Si vous ne voyez jamais cette viande en supermarché, c’est normal : une machine la trie et la sépare de la chaîne. Elle est ensuite expédiée dans de nouvelles usines où on l’intègre aux plats préparés (malin, c’est invisible), ou plus prosaïquement à la nourriture destinée à d’autres animaux. Mais bien souvent, aussi, ces aiguillettes sont commercialisées. À six ou huit euros le kilo, comment pourrait-on s’attendre à mieux ? Il serait temps de songer que la viande que l’on mange est tirée de poulets malades, atteints de dégénérescence musculaire sévère, dont les effets commencent maintenant à éclater au grand jour. 

Pourtant, comme l’indique le ministère de l’Agriculture dans une synthèse publiée en 2018, « la volaille est la seconde viande la plus consommée en France. La consommation individuelle de volaille, qui s’élevait à 16 kg par habitant en 1980, a atteint 29,7 kg par habitant en 2018, soit une hausse de 85 % en 40 ans. » Le produit préféré des Français reste l’escalope, mais ce sont également les produits transformés comme les nuggets qui arrivent en tête des ventes, dont les procédés de fabrications sont bien connus.

Apparemment, il n’y aurait aucun risque sanitaire, du moins aucun danger microbien à court terme.

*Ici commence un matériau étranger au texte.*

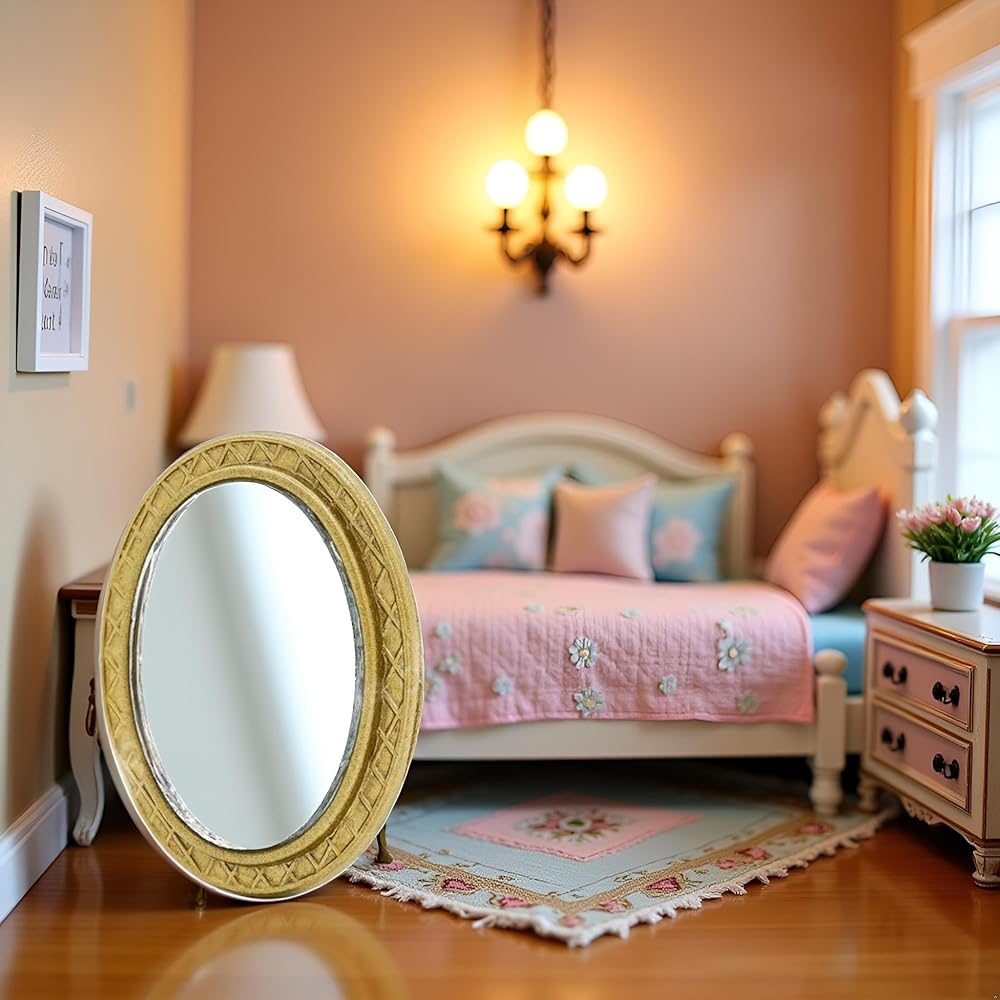 - VERSATILE DECOR: Beautiful wall-mounted mirror accessory suitable for dollhouse bedroom, living room, or hallway settings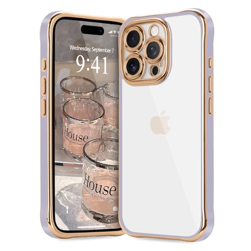 Wirvyuer Coque Compatible avec iPhone 15 Pro Coque Motif Floral Bord Forme Ondulé Bouclée avec Protection Caméra Fille Galvanisé Étui Silicone Case pour iPhone 15 Pro Violet Foncé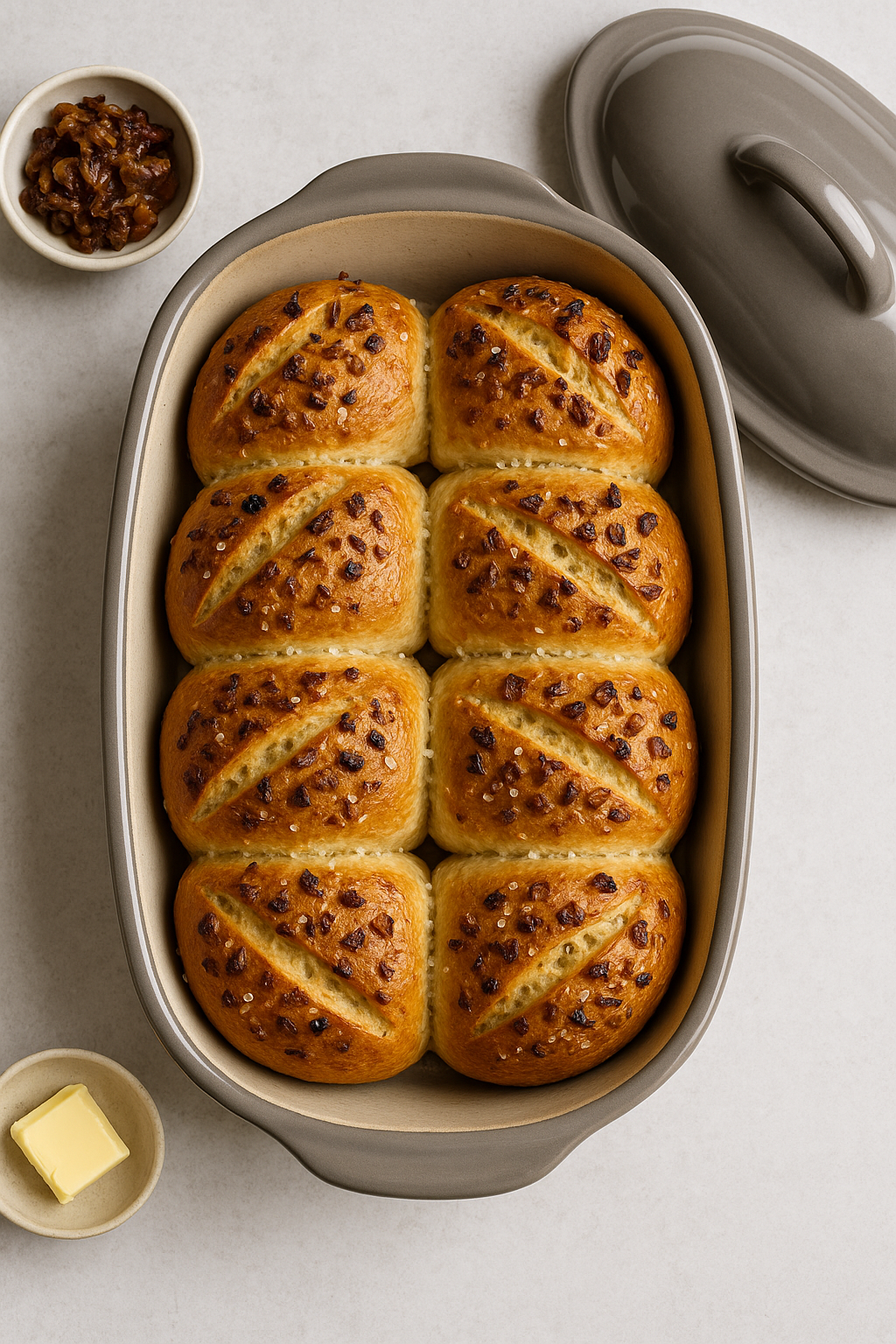 Warm aus dem Ofen, duftend nach gerösteten Zwiebeln und Butter. Diese Zwiebelbrötchen sind pure Herzensküche.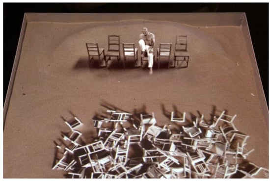 Sand tables, which consist of iron or steel boxes filled with sand or heavier red earth (Hamra), form the primary point of intersection between Ullman’s and Sharabani’s bodies of work. Sharabani’s installation Sand Box (2014; see Figure 3) features minuscule virtual chairs projected onto a non-virtual sand table. In perfectly simulated movement, a pile of virtual chairs accumulates before collapsing into the sandy surface. The objects gradually submerge, as if in quicksand, only to reemerge seconds later in an eerie resurrection. All the while, at the extremes of the projection frame two human figures are each positioned uneasily on a row of chairs, attempting to place themselves impossibly across several chairs (Figure 5). Their visible muscular unease recalls Mieke ’s () assertion that “[migratory] experience, in addition to having to be historicized, needs to be kinetico-visualized”. Sharabani brings together moving image and actual, material sand, the latter functioning as a highly textured projection screen inviting tactile engagement. As such, the work has not only an augmented haptic appeal (), but the “synesthetic fullness” () and “sentient binding” (ibid., p. 26) that Bal highlights as key traits of migratory aesthetics.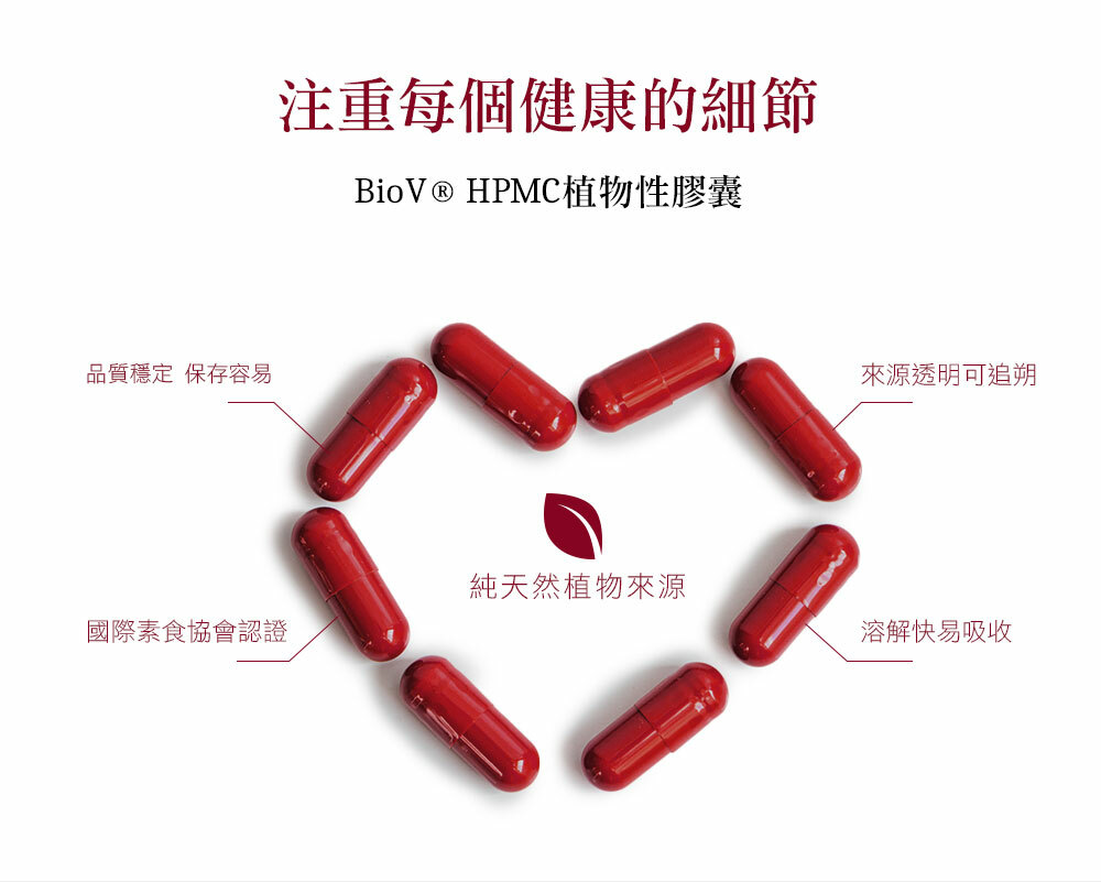 ‧ 膠囊成分:羥丙基甲基纖維素、純水、鹿角菜膠、食用紅色四十號、氯化鉀、食用藍色一號。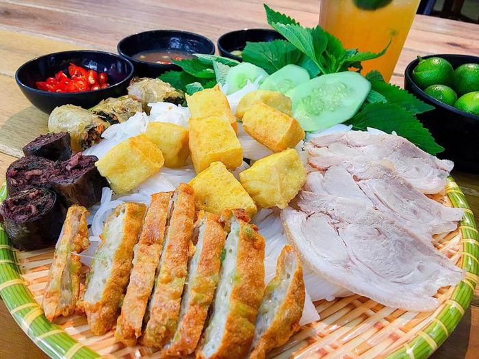 Bún Đậu Mắm Tôm is a simple, rustic dish from Northern Vietnam, commonly enjoyed as a light snack or street food. It has become a beloved specialty in Vinh City, Nghe An, and is a must-try for visitors. The dish typically consists of fresh vermicelli noodles, crispy fried tofu, Vietnamese-style sausage (chả cốm), fermented pork (nem chua), and dog sausage (dồi chó), served with shrimp paste (mắm tôm) mixed with lime, chili, and fresh herbs like perilla, mint, and lettuce. Its affordability and deliciousness make it popular among the locals, with street vendors thriving in the business.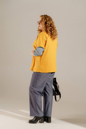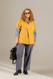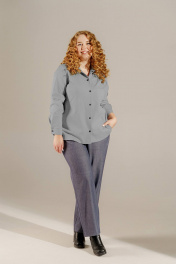 Комплект женский трехпредметный. Жилет из трикотажной ткани свободного силуэта. Рукав цельнокроеный короткий. Вырез V-образный с фантазийной планкой. Длина по спинке - см. Блуза из трикотажного полотна с застежкой на кнопки. Воротник отложной. Рукав втачной с манжетой по низу. В боковых швах разрезы. Длина по спинке - см, длина рукава - см. Брюки слегка зауженные к низу, в боковых швах карманы с отрезным бочком. Застежка на молнию и петлю с пуговицей. Пояс отрезной с вставкой эластичной тесьмы. Длина с учетом пояса - см.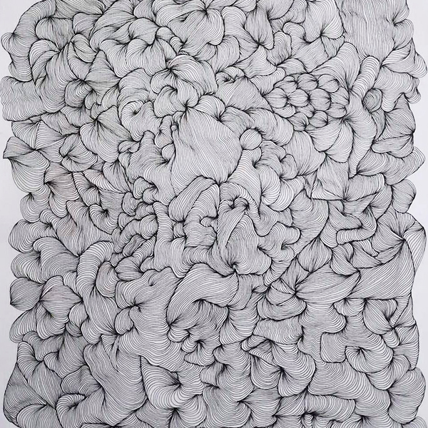 線を引いて、点を打つ。ただただ単純な作業の反復によって、何もない紙の上に模様ができていく。
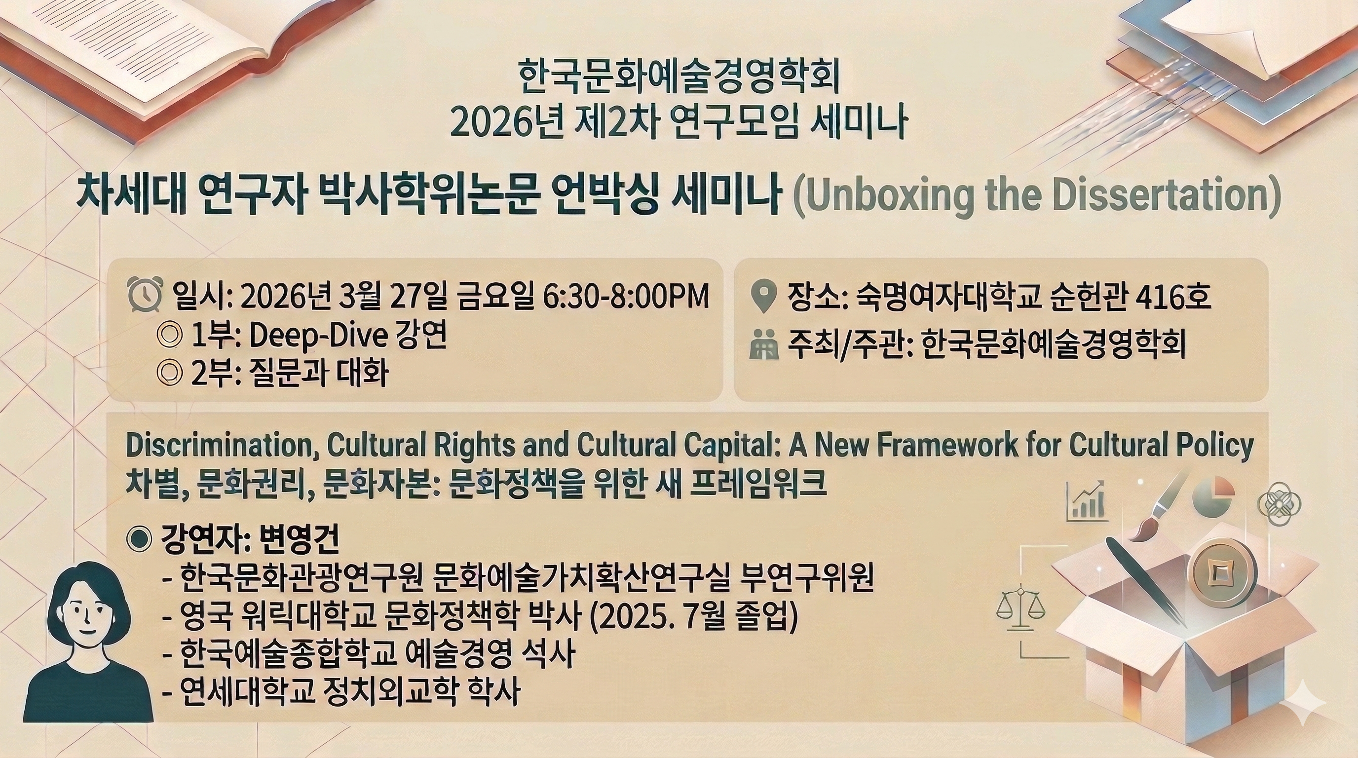 Çѱ¹¹®È¿¹¼ú°æ¿µÇÐȸ 2026³â Á¦2Â÷ ¿¬±¸¸ðÀÓ ¼¼¹Ì³ª ÁøÁ¤ÇÑ ¿ì¼ö ³í¹®Àº ¿Ï¼ºµÈ °á°ú°¡ ¾Æ´Ï¶ó, ²÷ÀÓ¾ø´Â ¼öÁ¤°ú À¯±âÀûÀÎ ¿¬°è °úÁ¤ ¼Ó¿¡¼ ź»ýÇÕ´Ï´Ù. Çѱ¹¹®È¿¹¼ú°æ¿µÇÐȸ°¡ ÁÖ°üÇÏ´Â 2026³â Á¦1Â÷ ¿¬±¸¸ðÀÓ ¼¼¹Ì³ª¿¡¼´Â ¾ö¼±µÈ ÃֽŠ¹Ú»çÇÐÀ§ ³í¹®À» ´ë»óÀ¸·Î, ÃÖÁ¾ ¿ÏÁ¦Ç°ÀÌ ¾Æ´Ñ ¿¬±¸ÀÇ ±¸Á¶È¿Í ³í¸®Ã¼°èÀÇ ±¸Ãà °úÁ¤À» ÇϳªÇϳª ¶â¾îº¸¸ç ½Éµµ ÀÖ°Ô ºÐ¼®ÇÏ´Â ÀÚ¸®¸¦ ¸¶·ÃÇß½À´Ï´Ù. ³í¹®ÀÇ ±¸Á¶ÈµÈ ³í¸®Àû ü°è°¡ ¾î¶»°Ô ±ðÀÌ°í ´Ùµë¾îÁ® ¿Ï¼ºµÇ´ÂÁö ±× »ý»ýÇÑ ÇöÀåÀ» ¸ñ°ÝÇϰí, ¿©·¯ºÐÀÇ ¿¬±¸ ¿©Á¤¿¡ ½ÇÁúÀûÀÎ ¸¶Ä§Ç¥¸¦ ÂïÀ» ¼ö ÀÖ´Â Àü·«À» ¾ò¾î°¡½Ã±æ ¹Ù¶ø´Ï´Ù. Â÷¼¼´ë ¿¬±¸ÀÚ ¹Ú»çÇÐÀ§³í¹® ¾ð¹Ú½Ì ¼¼¹Ì³ª (Unboxing the Dissertation) ¡á ÀϽÃ: 2026³â 3¿ù 27ÀÏ ±Ý¿äÀÏ 6:30-8:00PM ¡Ý 1ºÎ: Deep-Dive °¿¬ ¡Ý 2ºÎ: Áú¹®°ú ´ëÈ ¡á Àå¼Ò: ¼÷¸í¿©ÀÚ´ëÇб³ ¼øÇå°ü 416È£ ¡á ÁÖÃÖ/ÁÖ°ü: Çѱ¹¹®È¿¹¼ú°æ¿µÇÐȸ Discrimination, Cultural Rights and Cultural Capital: A New Framework for Cultural Policy Â÷º°, ¹®È±Ç¸®, ¹®ÈÀÚº»: ¹®ÈÁ¤Ã¥À» À§ÇÑ »õ ÇÁ·¹ÀÓ¿öÅ© ¡Ý °¿¬ÀÚ: º¯¿µ°Ç - Çѱ¹¹®È°ü±¤¿¬±¸¿ø ¹®È¿¹¼ú°¡Ä¡È®»ê¿¬±¸½Ç ºÎ¿¬±¸À§¿ø - ¿µ±¹ ¿ö¸¯´ëÇб³ ¹®ÈÁ¤Ã¥ÇÐ ¹Ú»ç (2025.7¿ù Á¹¾÷) - Çѱ¹¿¹¼úÁ¾ÇÕÇб³ ¿¹¼ú°æ¿µ ¼®»ç - ¿¬¼¼´ëÇб³ Á¤Ä¡¿Ü±³ÇÐ Çлç ![]() |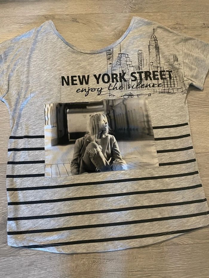 Bonjour je vends un T-shirt oversize à manches courtes gris motifs noir New York kiabi taille 12 ans Il est en excellent état très peu porté #tiatia_fille_taille12ans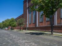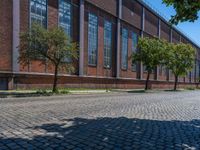 Experience Berlin's vibrant city life, where classic architecture merges with urban design. Cobblestone roads and brick walls reflect the city's industrial past, while shadows cast by storerooms and warehouses add a dramatic touch. Explore the harmonious blend of vegetation amidst the urban landscape, under the clear European skies. Discover how Berlin's architectural heritage coexists with modern urban life in Germany.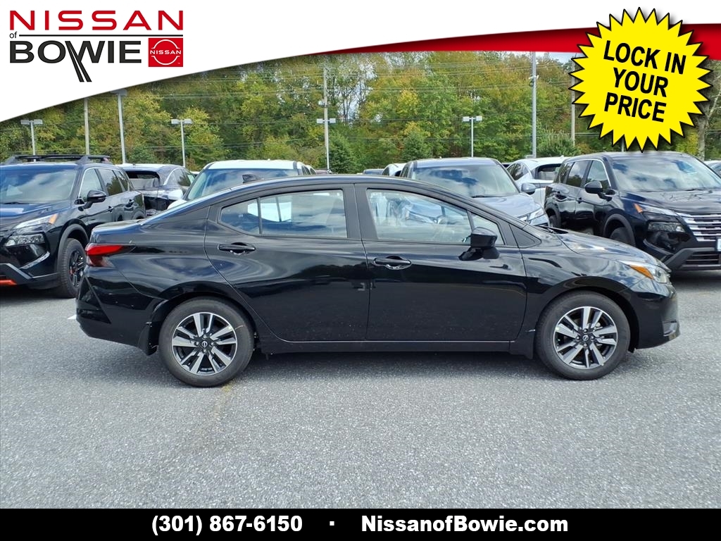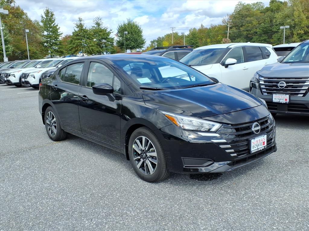 Super Black Metallic 2025 Nissan Versa 1.6 SV FWD CVT 1.6L I4 DOHC 16V Check out this 2025 Nissan Versa in Super Black Metallic with Graphite Cloth, No Money Down / $0 Down. Recent Arrival! 32/40 City/Highway MPG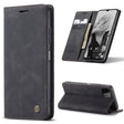 جراب هاتف مقاوم للغبار من UniqCase لهاتف Samsung Galaxy A22 5G (إصدار الاتحاد الأوروبي)، مصنوع من جلد البولي يوريثان الممتص تلقائيًا + محفظة TPU قابلة للطي - أسود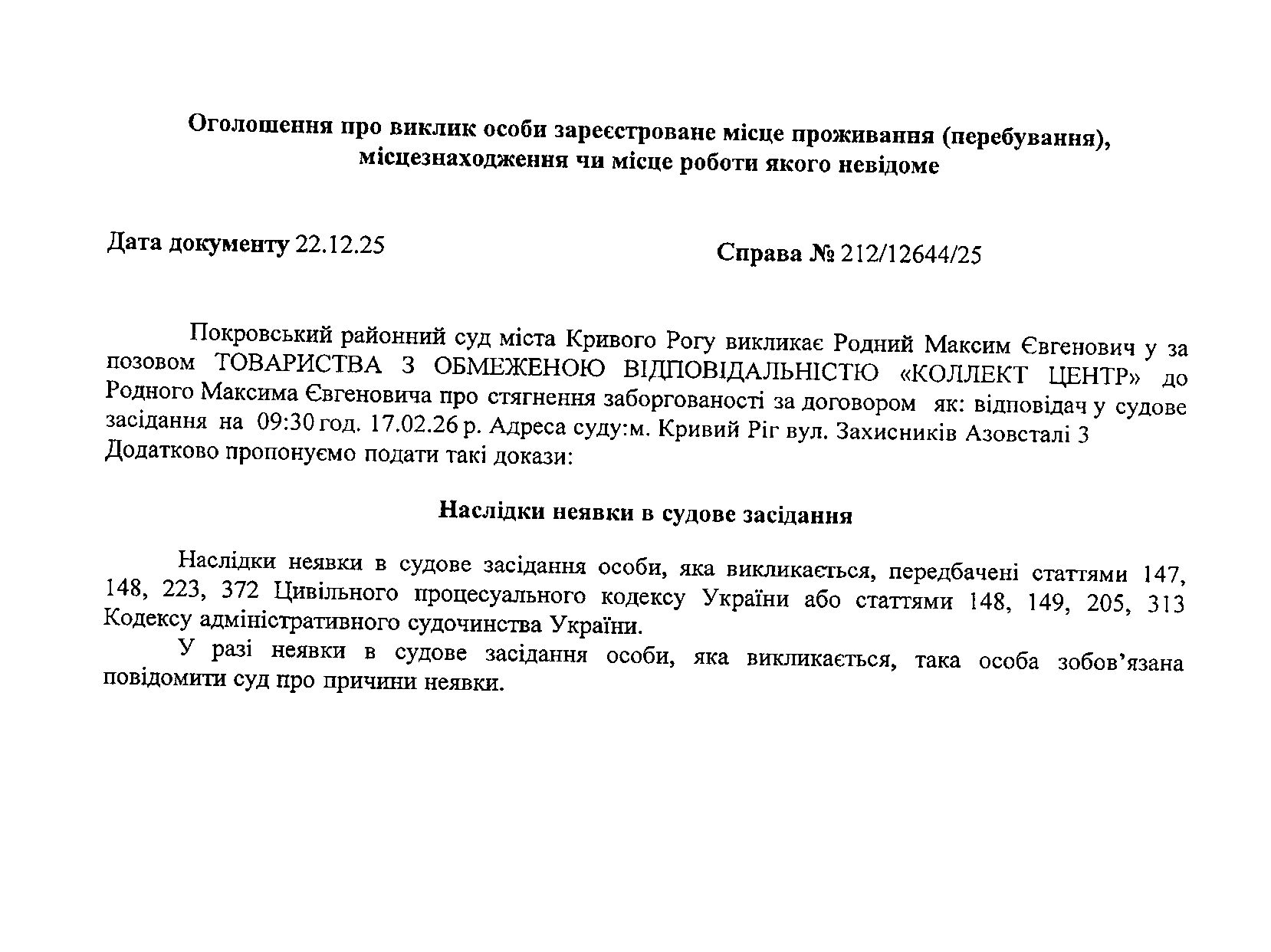 Оголошення про виклик до суду Родного Максима Євгеновича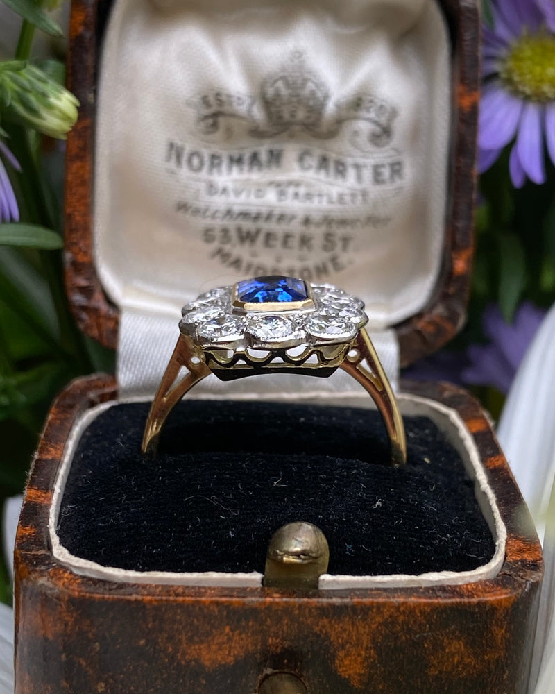 Vintage Sapphire and Diamond 18ct Yellow Gold Cluster Ring 1.60ct + 1.50ct

Mais que penser d’une société qui élève et dévore des animaux déjà morts bien avant d’apercevoir les portes de l’abattoir ? La question est peut-être moins l’altération du goût ou la dégradation de notre santé que l’existence de pratiques inhumaines qui nous conduisent toujours au pire, c’est-à-dire à des conséquences qu’on n’avait pu imaginer.